1. Ainsi que le demandait la Résolution 76 (1955) de l'Assemblée, la Conférence européenne des Pouvoirs locaux a tenu ses premières sessions, l'une en 1957 et la deuxième en 1958. En vue de chacune de ces sessions, le Comité des Ministres a bien voulu accorder des crédits dont la modicité semble due aux difficultés qui apparaissent toujours au début de toute entreprise d'un caractère aussi nouveau que la Conférence.
Grâce à la volonté déterminée des pouvoirs locaux et au soutien efficace de leurs associations, depuis sa création, la Conférence s'est affirmée. La deuxième Session, d'octobre 1958, a fait l'unanimité de tous pour considérer que le premier pas était fait et que l'avenir de la Conférence paraissait assuré.
2. Un des éléments essentiels de l'utilité des travaux de la Conférence réside dans sa convocation annuelle. La Conférence, comme l'Assemblée, en a affirmé la nécessité.
3. La demande de l'Assemblée au Comité des Ministres [Avis n° 28 (1958)] de prévoir les crédits pour que la Conférence tienne sa troisième Session en 1959 a été examinée par le Comité Mixte le 15 décembre 1958.
Au cours de cet examen, le Président du Comité des Ministres a déclaré que le Comité des Ministres est en faveur d'une troisième Session de la Conférence, mais qu'il n'était pas suffisamment informé pour décider dès à présent que la troisième Session se tienne en 1959. Les Délégués des Ministres ont été en conséquence chargés, non seulement de décider des mesures administratives et budgétaires, mais encore de fixer la date de la troisième Session.
4. Il est un fait que le principe même de la Conférence fait l'objet d'un accord total du Comité des Ministres et de l'Assemblée.
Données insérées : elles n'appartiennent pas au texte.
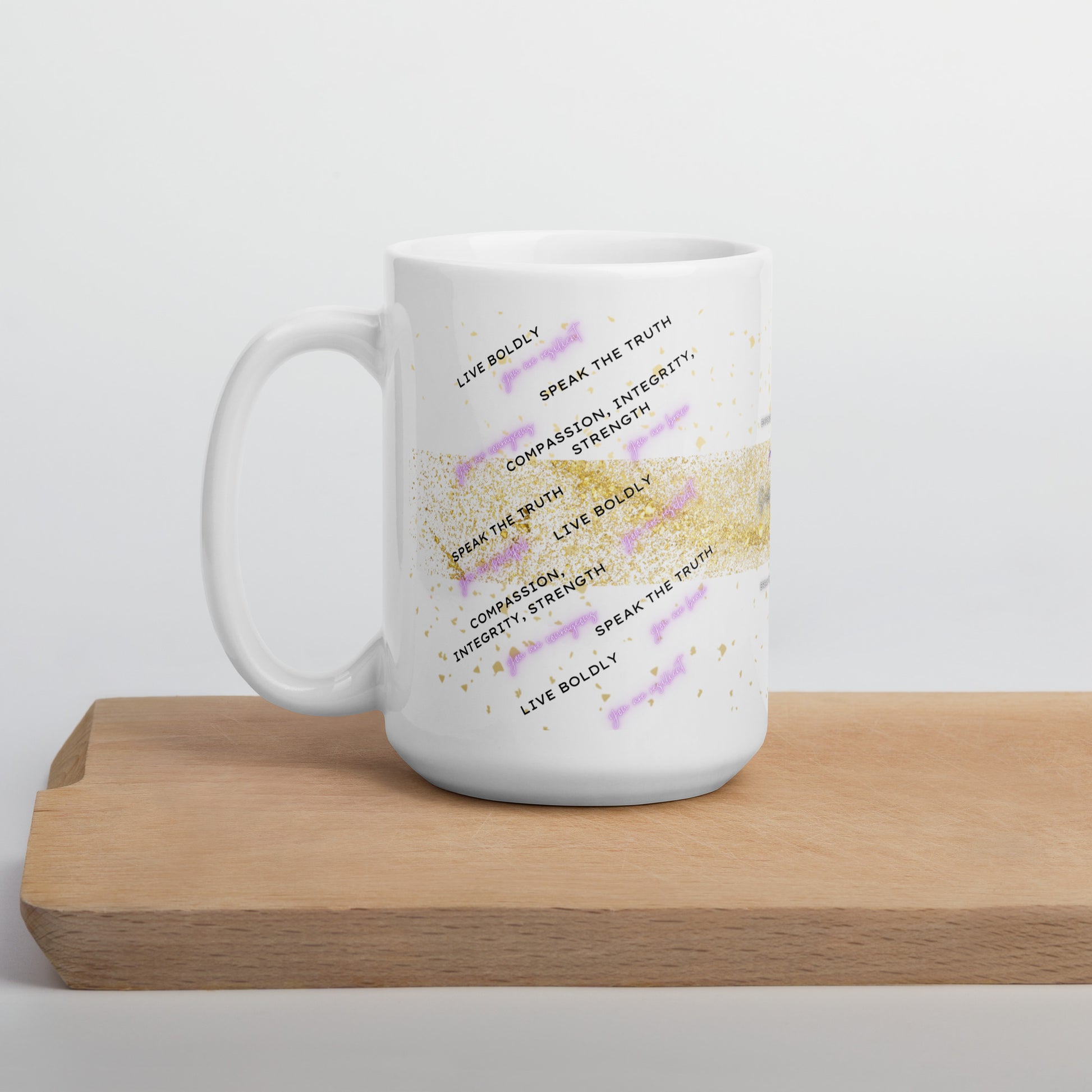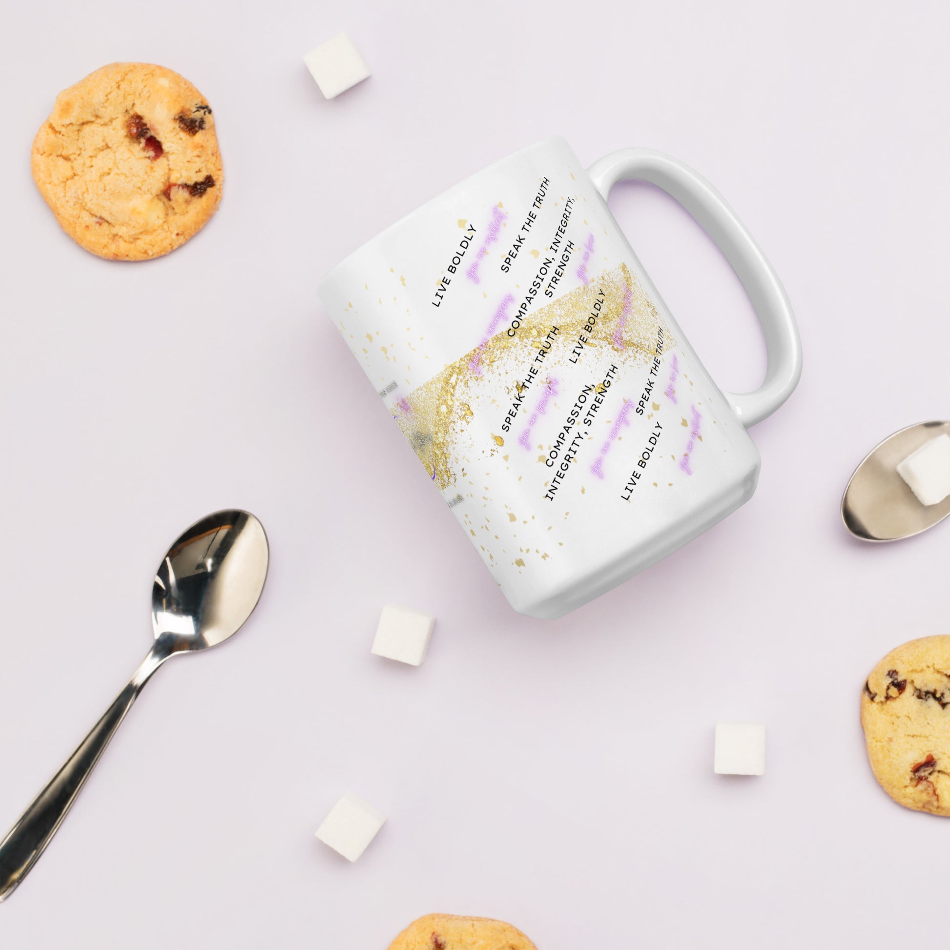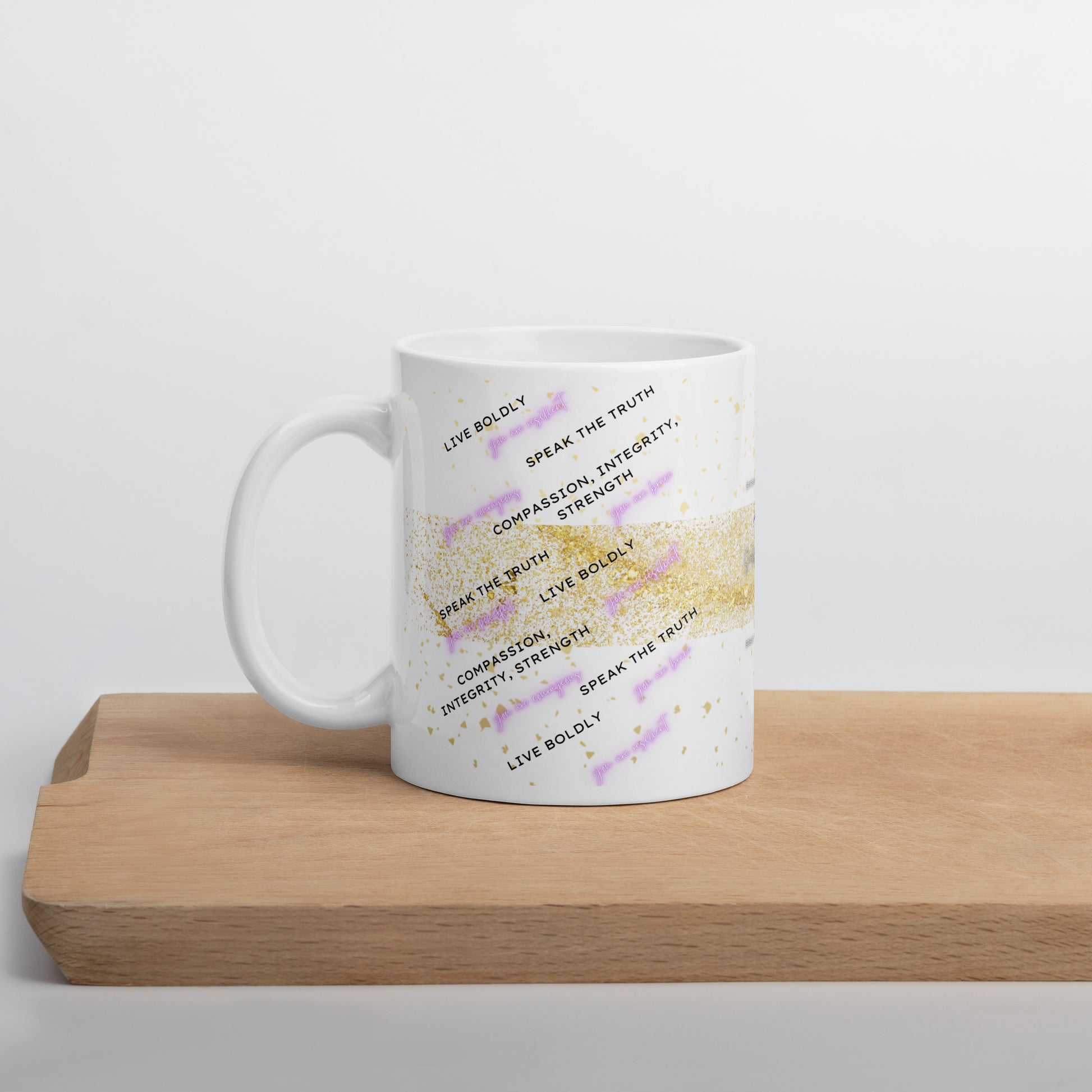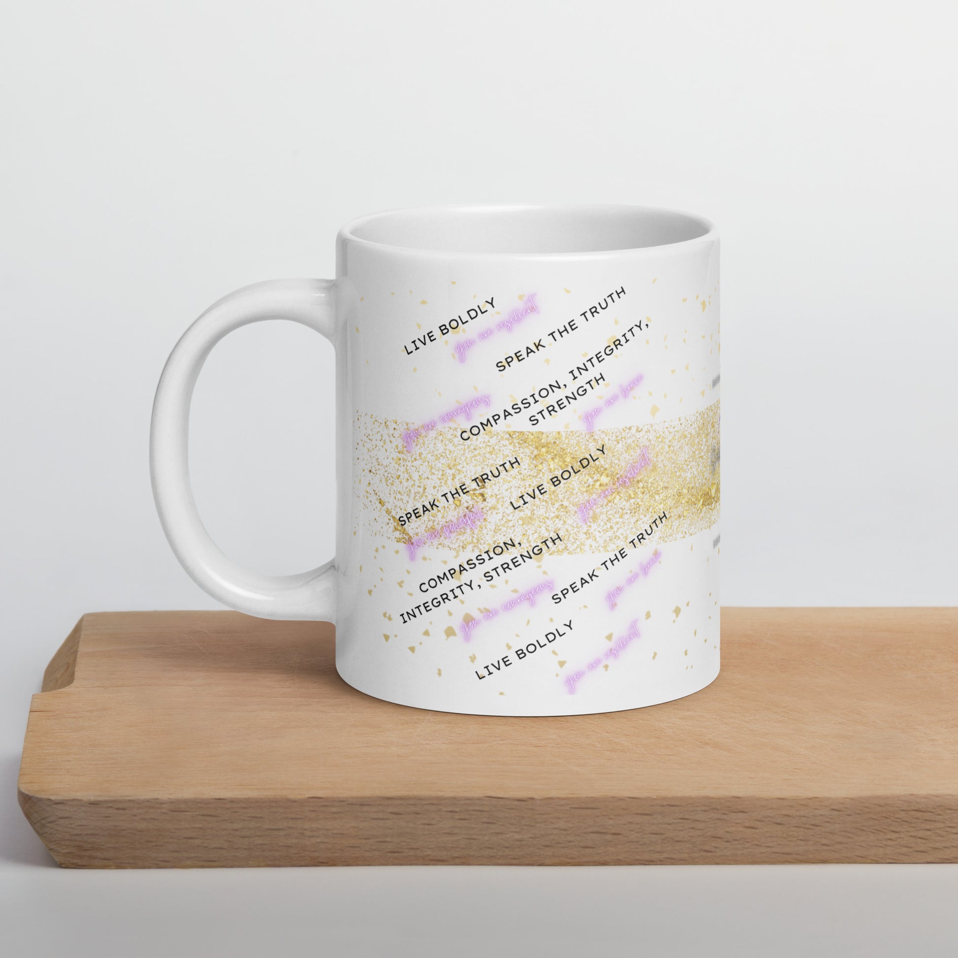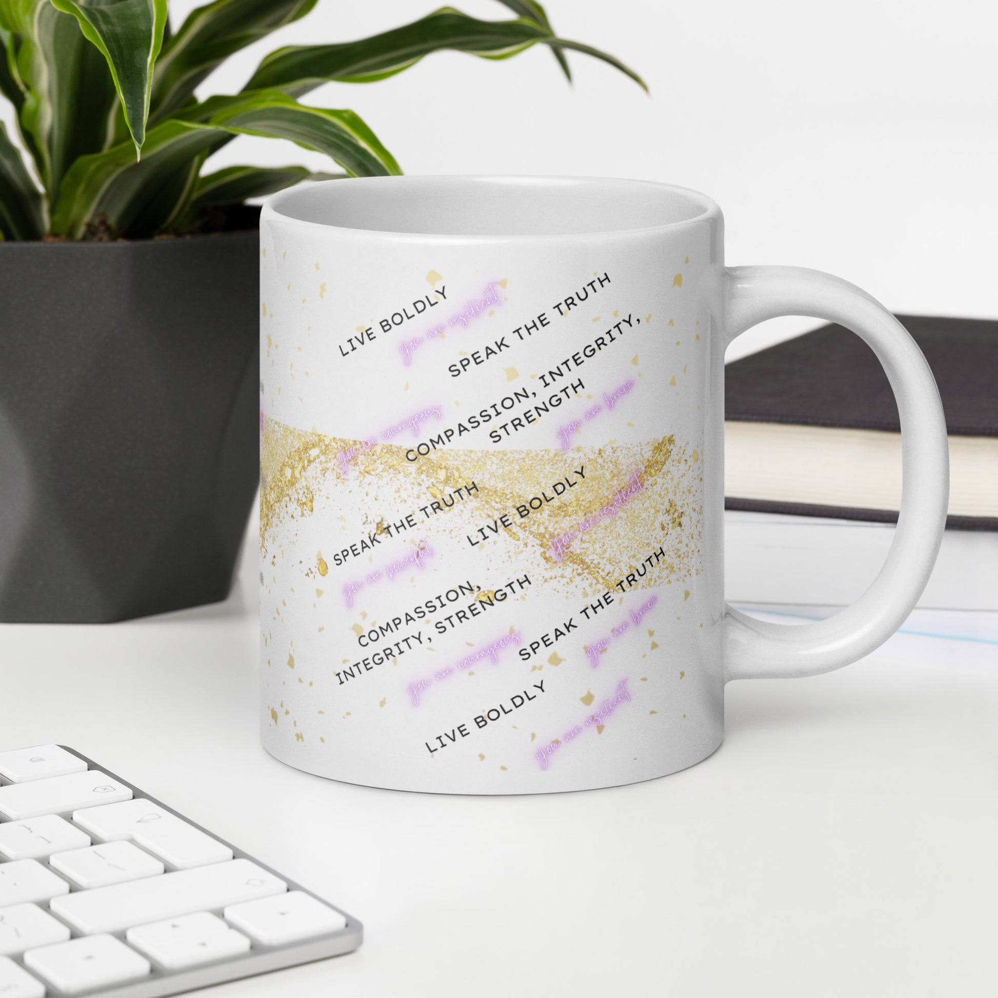 Introducing our Empowerment Elixir Ceramic Mug – a vessel that goes beyond holding your favorite beverages; it cradles a cascade of affirmations to elevate your day. With phrases like "Live Boldly," "Speak Truth," "You Are Courageous," "You Are Powerful," "You Are Resilient," "Compassion," "Integrity," and "Strength," this mug is a celebration of the diverse qualities that make you extraordinary.

La réunion du Comité Mixte a fait toutefois apparaître qu'il n'y a pas encore eu accord en ce qui concerne la périodicité des sessions de la Conférence. Il s'agit pourtant, en ce domaine, d'une question dont l'importance est essentielle à l'avenir de la Conférence.
5. L'Assemblée, dans sa Résolution 76 (1955), ainsi que les pouvoirs locaux dont elle a exprimé l'opinion estiment que les sessions de la Conférence doivent être annuelles.
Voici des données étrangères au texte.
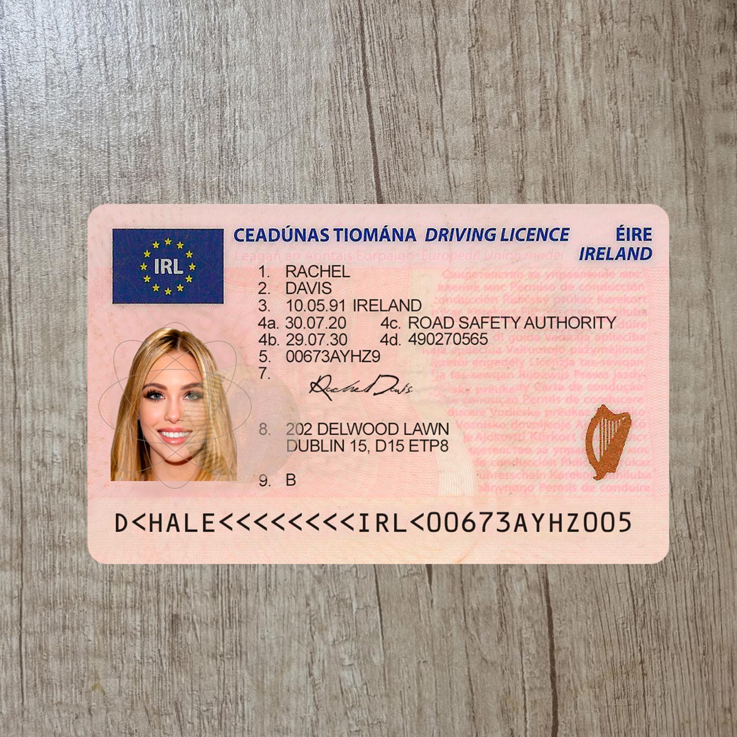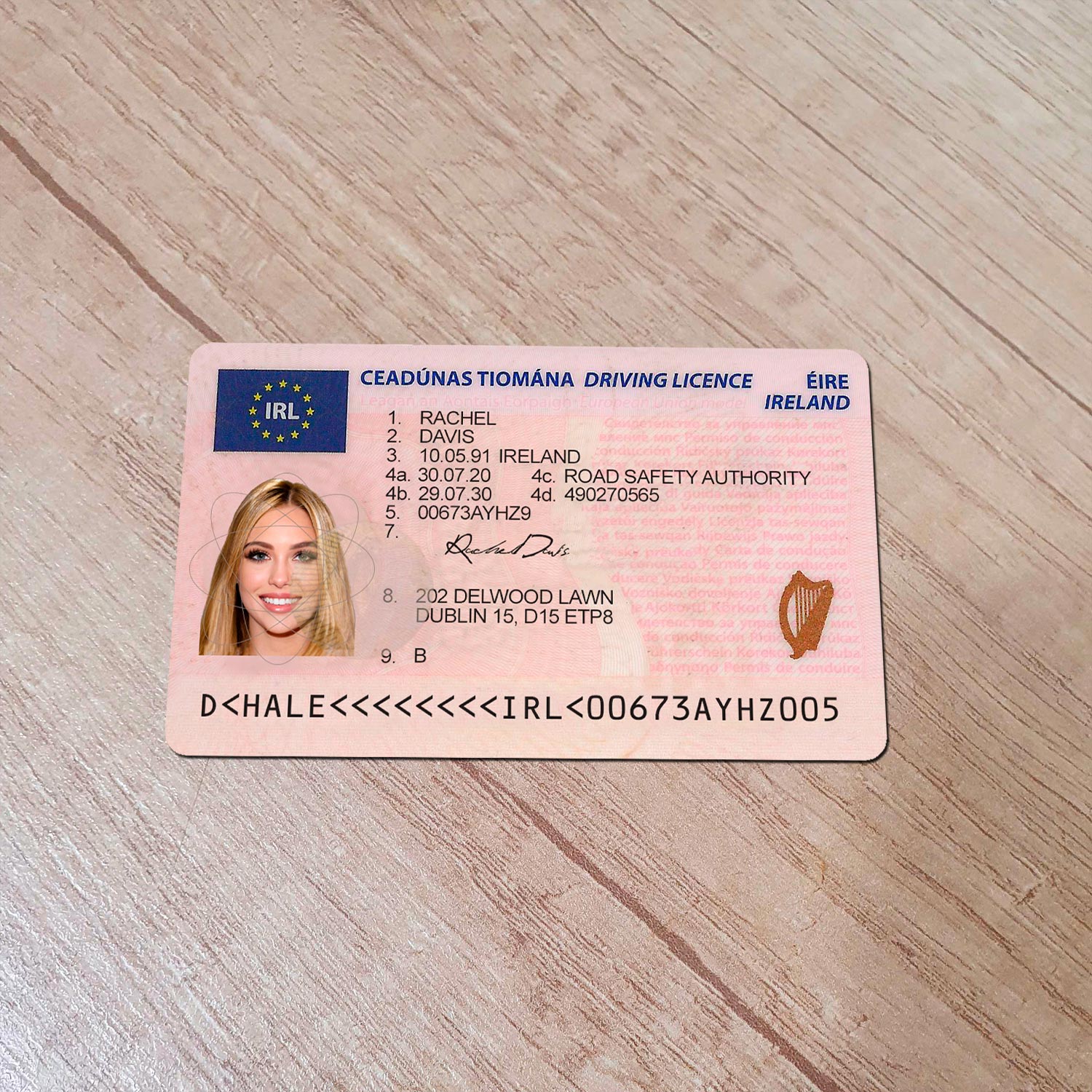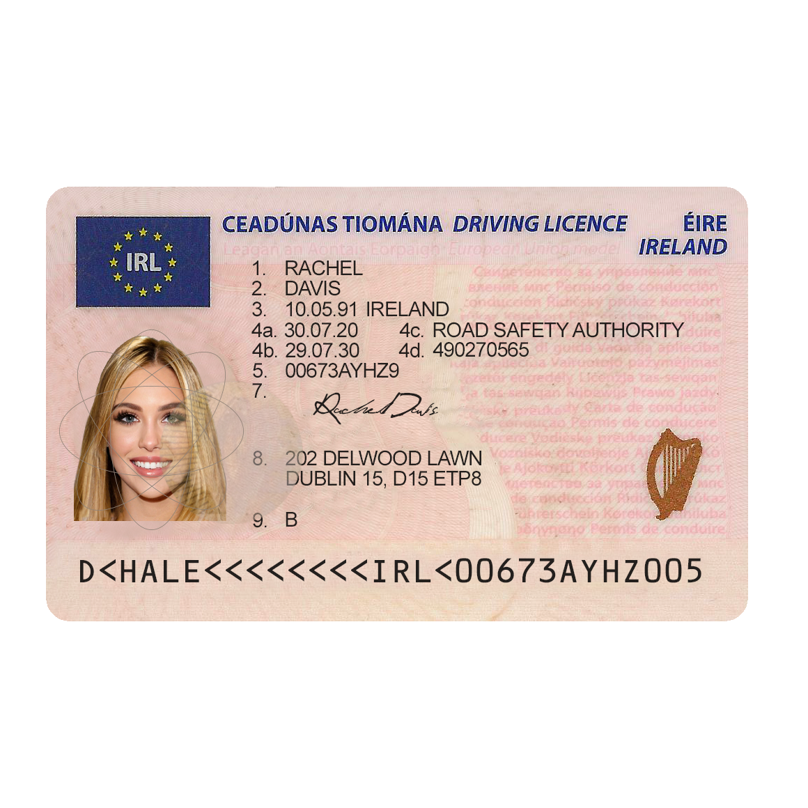 For example, the Irish driver license generator template can be used for reading purposes, but it works fine for online verification of any sites for example:

6. Lors de la réunion qu'elle a tenue le 11 décembre 1958, la commission des Pouvoirs locaux a réaffirmé à l'unanimité de ses membres la Résolution 76 (1955) de l'Assemblée et a décidé que le principe de l'annualité des sessions de la Conférence ne devait plus être remis en question ; toute proposition tendant à tenir ces sessions tous les deux ans serait en contradiction avec cette décision, et porterait atteinte à la Résolution 76 (1955) de l'Assemblée et aux avis et résolutions adoptés par la Conférence lors de sa première et de sa deuxième Sessions.
(a) A l'occasion de ce vote, le Secrétaire Général du Conseil des Communes d'Europe, a déclaré, au nom de son organisation ainsi que de l'Union internationale des Maires, que la deuxième Session de la Conférence avait donné une preuve supplémentaire de la valeur de la coopération des pouvoirs locaux aux institutions européennes et de l'importance du travail qu'ils avaient accompli. Une décision, de ne réunir la Conférence que tous les deux ans serait très mal interprétée par les pouvoirs locaux des pays membres.
(b) Le représentant de l'Union internationale des Villes a déclaré son identité de vues avec le Secrétaire Général du Conseil des Communes d'Europe et a exprimé au nom de son organisation ses remerciements à la commission d'avoir confirmé à l'unanimité de ses membres la nécessité de tenir tous les ans une session de la Conférence et d'avoir en cela donné une valeur supplémentaire aux textes adoptés antérieurement en la matière ; l'Union internationale des Villes, a encore déclaré son représentant, s'associe pleinement au vote de la commission dont elle reste totalement solidaire pour en assurer le respect.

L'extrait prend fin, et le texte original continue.